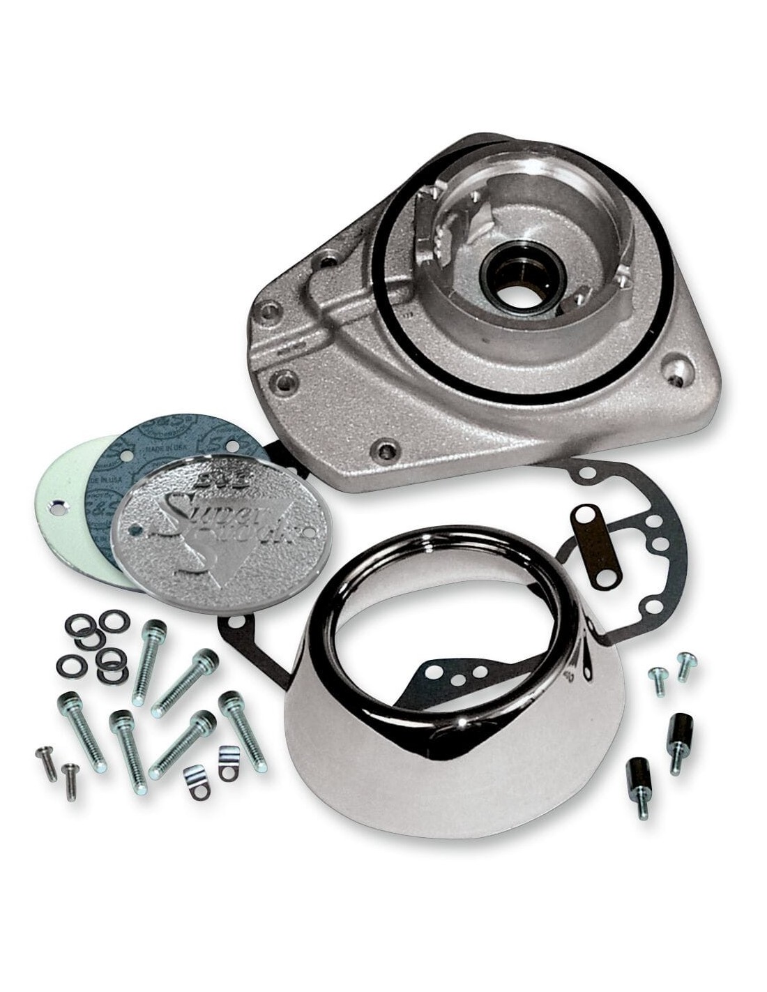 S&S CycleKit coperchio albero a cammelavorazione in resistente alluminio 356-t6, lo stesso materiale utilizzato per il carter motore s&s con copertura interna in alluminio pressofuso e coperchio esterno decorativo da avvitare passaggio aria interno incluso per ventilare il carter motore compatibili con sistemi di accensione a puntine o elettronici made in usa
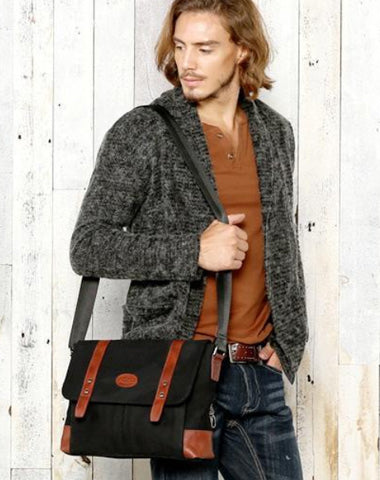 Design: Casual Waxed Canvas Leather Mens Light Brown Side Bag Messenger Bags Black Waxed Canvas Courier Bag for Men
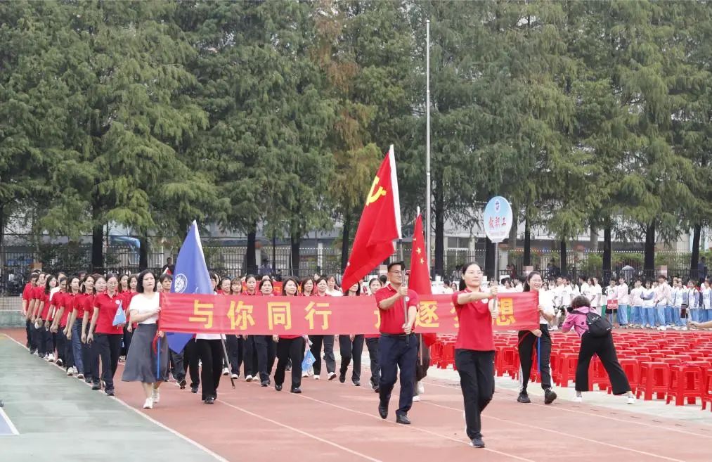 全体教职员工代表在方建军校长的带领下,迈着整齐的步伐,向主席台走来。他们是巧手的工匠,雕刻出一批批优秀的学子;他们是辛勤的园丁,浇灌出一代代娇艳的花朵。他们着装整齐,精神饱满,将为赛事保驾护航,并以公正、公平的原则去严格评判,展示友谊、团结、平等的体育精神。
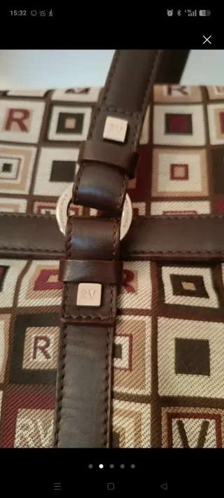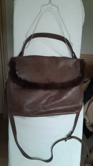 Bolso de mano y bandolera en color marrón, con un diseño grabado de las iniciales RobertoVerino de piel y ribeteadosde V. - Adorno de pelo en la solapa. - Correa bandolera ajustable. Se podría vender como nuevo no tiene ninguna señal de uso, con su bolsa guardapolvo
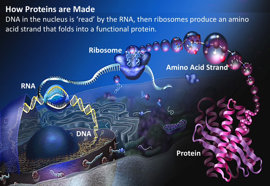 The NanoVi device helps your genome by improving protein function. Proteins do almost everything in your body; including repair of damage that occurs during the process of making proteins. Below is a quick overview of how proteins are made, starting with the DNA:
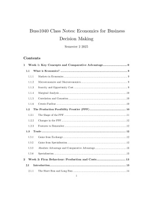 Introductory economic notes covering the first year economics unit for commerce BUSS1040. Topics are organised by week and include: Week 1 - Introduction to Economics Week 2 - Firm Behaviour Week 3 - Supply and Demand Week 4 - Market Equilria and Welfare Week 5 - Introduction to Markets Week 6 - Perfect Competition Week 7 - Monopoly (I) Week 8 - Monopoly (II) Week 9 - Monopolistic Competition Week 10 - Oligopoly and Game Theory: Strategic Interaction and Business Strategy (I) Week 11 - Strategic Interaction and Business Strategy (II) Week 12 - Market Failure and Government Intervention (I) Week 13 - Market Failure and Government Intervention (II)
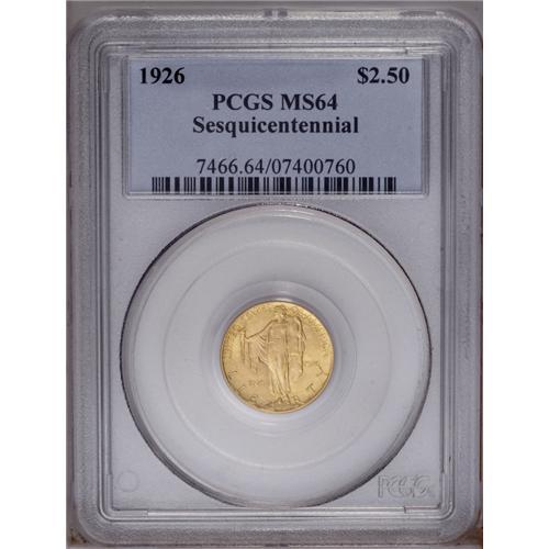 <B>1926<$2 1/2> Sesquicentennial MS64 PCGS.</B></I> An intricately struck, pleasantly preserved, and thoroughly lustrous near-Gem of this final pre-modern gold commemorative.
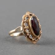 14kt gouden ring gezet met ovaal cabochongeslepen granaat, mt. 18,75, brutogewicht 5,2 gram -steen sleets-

==

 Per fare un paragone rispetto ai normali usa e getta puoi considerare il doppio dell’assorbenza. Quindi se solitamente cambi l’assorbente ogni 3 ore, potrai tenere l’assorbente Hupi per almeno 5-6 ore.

## [Work request]
Taking the entries above, extract every line from the one bearing "Introductory economic notes" through the one bearing "14kt gouden ring", exactly, with no pictures.

## [Your response]
 Introductory economic notes covering the first year economics unit for commerce BUSS1040. Topics are organised by week and include: Week 1 - Introduction to Economics Week 2 - Firm Behaviour Week 3 - Supply and Demand Week 4 - Market Equilria and Welfare Week 5 - Introduction to Markets Week 6 - Perfect Competition Week 7 - Monopoly (I) Week 8 - Monopoly (II) Week 9 - Monopolistic Competition Week 10 - Oligopoly and Game Theory: Strategic Interaction and Business Strategy (I) Week 11 - Strategic Interaction and Business Strategy (II) Week 12 - Market Failure and Government Intervention (I) Week 13 - Market Failure and Government Intervention (II)
 <B>1926<$2 1/2> Sesquicentennial MS64 PCGS.</B></I> An intricately struck, pleasantly preserved, and thoroughly lustrous near-Gem of this final pre-modern gold commemorative.
 14kt gouden ring gezet met ovaal cabochongeslepen granaat, mt. 18,75, brutogewicht 5,2 gram -steen sleets-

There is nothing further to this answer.